======== RECORDS TO USE

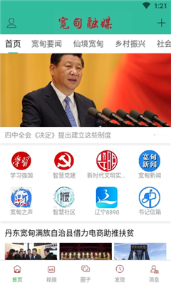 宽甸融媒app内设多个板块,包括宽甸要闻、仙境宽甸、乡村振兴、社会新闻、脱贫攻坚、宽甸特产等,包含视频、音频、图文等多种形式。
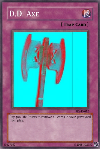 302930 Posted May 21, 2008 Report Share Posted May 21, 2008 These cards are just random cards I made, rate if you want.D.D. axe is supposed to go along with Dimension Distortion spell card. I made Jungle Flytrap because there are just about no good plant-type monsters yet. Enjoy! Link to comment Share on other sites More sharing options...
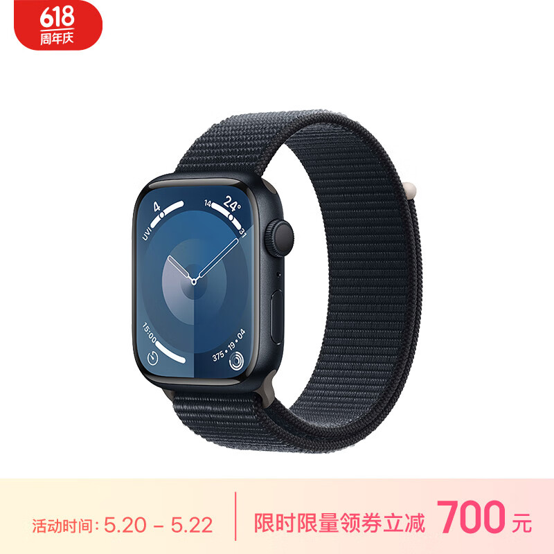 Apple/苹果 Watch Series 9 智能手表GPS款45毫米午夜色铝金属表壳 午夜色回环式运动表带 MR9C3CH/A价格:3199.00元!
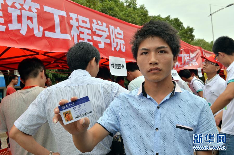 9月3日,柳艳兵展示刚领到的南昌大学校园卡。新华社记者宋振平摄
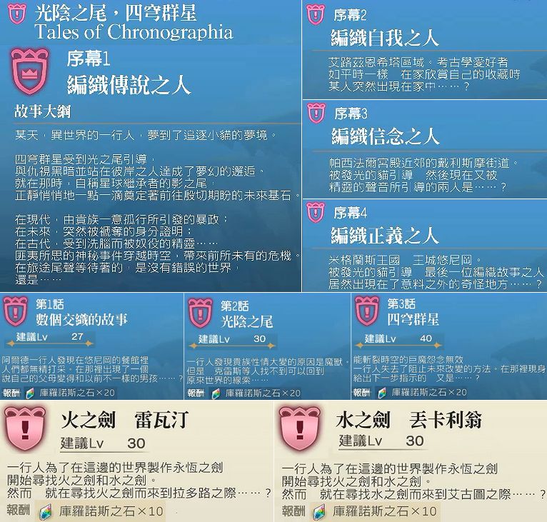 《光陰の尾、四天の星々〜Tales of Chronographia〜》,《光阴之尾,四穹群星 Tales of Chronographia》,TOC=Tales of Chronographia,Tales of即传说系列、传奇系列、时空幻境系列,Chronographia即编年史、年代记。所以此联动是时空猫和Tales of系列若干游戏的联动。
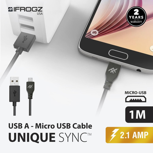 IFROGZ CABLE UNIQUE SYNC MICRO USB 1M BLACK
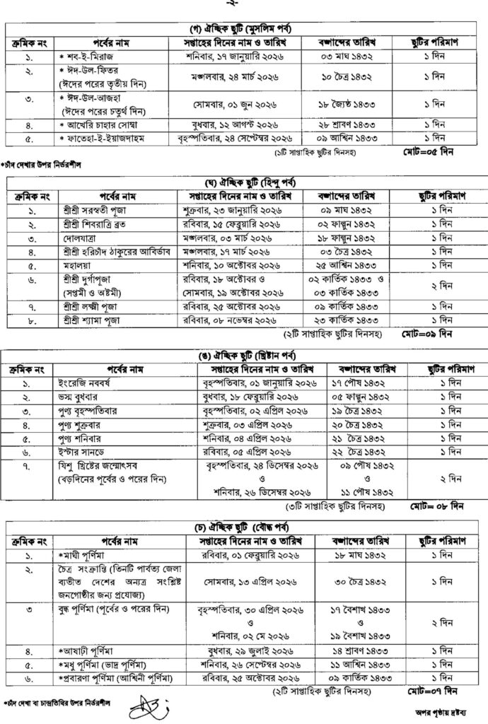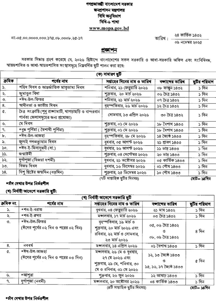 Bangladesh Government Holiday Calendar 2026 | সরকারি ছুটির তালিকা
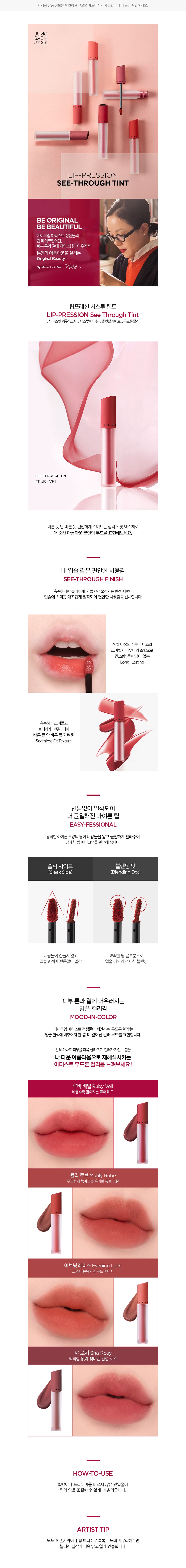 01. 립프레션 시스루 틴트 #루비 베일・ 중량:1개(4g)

================
======== RECORDS TO USE

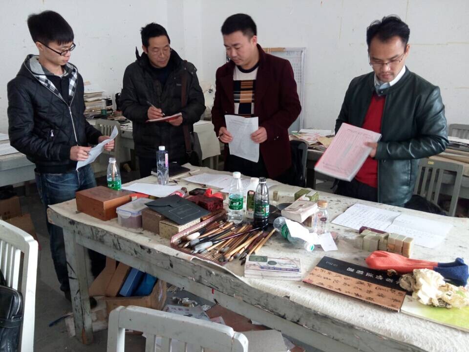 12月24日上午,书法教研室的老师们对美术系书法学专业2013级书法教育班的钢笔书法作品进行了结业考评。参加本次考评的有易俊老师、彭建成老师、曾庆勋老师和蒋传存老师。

================
======== RECORDS TO USE

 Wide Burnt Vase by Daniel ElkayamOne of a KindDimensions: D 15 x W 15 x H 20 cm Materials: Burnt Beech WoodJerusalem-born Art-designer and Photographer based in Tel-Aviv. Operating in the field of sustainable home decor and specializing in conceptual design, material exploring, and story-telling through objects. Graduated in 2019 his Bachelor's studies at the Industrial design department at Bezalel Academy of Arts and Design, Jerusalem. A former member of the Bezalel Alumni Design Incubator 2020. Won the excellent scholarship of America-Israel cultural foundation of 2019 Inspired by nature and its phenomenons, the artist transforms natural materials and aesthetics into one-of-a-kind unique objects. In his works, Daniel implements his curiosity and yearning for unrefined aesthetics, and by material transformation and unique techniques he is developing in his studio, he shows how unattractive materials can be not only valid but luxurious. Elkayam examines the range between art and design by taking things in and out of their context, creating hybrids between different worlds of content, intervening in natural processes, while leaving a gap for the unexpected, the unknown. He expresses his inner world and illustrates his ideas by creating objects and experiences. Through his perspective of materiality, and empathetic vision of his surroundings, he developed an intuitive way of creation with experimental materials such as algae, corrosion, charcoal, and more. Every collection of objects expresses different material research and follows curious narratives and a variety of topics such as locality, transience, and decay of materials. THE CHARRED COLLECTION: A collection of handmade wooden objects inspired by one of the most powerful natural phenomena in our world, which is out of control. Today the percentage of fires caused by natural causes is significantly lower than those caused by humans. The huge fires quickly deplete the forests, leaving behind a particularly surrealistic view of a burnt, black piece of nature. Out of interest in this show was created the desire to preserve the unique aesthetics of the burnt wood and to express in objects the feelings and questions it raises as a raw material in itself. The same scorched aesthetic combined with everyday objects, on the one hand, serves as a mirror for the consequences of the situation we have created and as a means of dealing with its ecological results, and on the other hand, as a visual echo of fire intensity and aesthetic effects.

================

▸ EXERCISE:
Your answer should be the exact lines above from the one containing "宽甸融媒app内设多个板块,包括宽甸要闻" through the one containing "01. 립프레션 시스루 틴트 #루비 베일・ 중량:1개(4g)", with both end lines kept and the pictures removed, please.

▸ OUTPUT OF THE TASK:
 宽甸融媒app内设多个板块,包括宽甸要闻、仙境宽甸、乡村振兴、社会新闻、脱贫攻坚、宽甸特产等,包含视频、音频、图文等多种形式。
 302930 Posted May 21, 2008 Report Share Posted May 21, 2008 These cards are just random cards I made, rate if you want.D.D. axe is supposed to go along with Dimension Distortion spell card. I made Jungle Flytrap because there are just about no good plant-type monsters yet. Enjoy! Link to comment Share on other sites More sharing options...
 Apple/苹果 Watch Series 9 智能手表GPS款45毫米午夜色铝金属表壳 午夜色回环式运动表带 MR9C3CH/A价格:3199.00元!
 9月3日,柳艳兵展示刚领到的南昌大学校园卡。新华社记者宋振平摄
 《光陰の尾、四天の星々〜Tales of Chronographia〜》,《光阴之尾,四穹群星 Tales of Chronographia》,TOC=Tales of Chronographia,Tales of即传说系列、传奇系列、时空幻境系列,Chronographia即编年史、年代记。所以此联动是时空猫和Tales of系列若干游戏的联动。
 IFROGZ CABLE UNIQUE SYNC MICRO USB 1M BLACK
 Bangladesh Government Holiday Calendar 2026 | সরকারি ছুটির তালিকা
 01. 립프레션 시스루 틴트 #루비 베일・ 중량:1개(4g)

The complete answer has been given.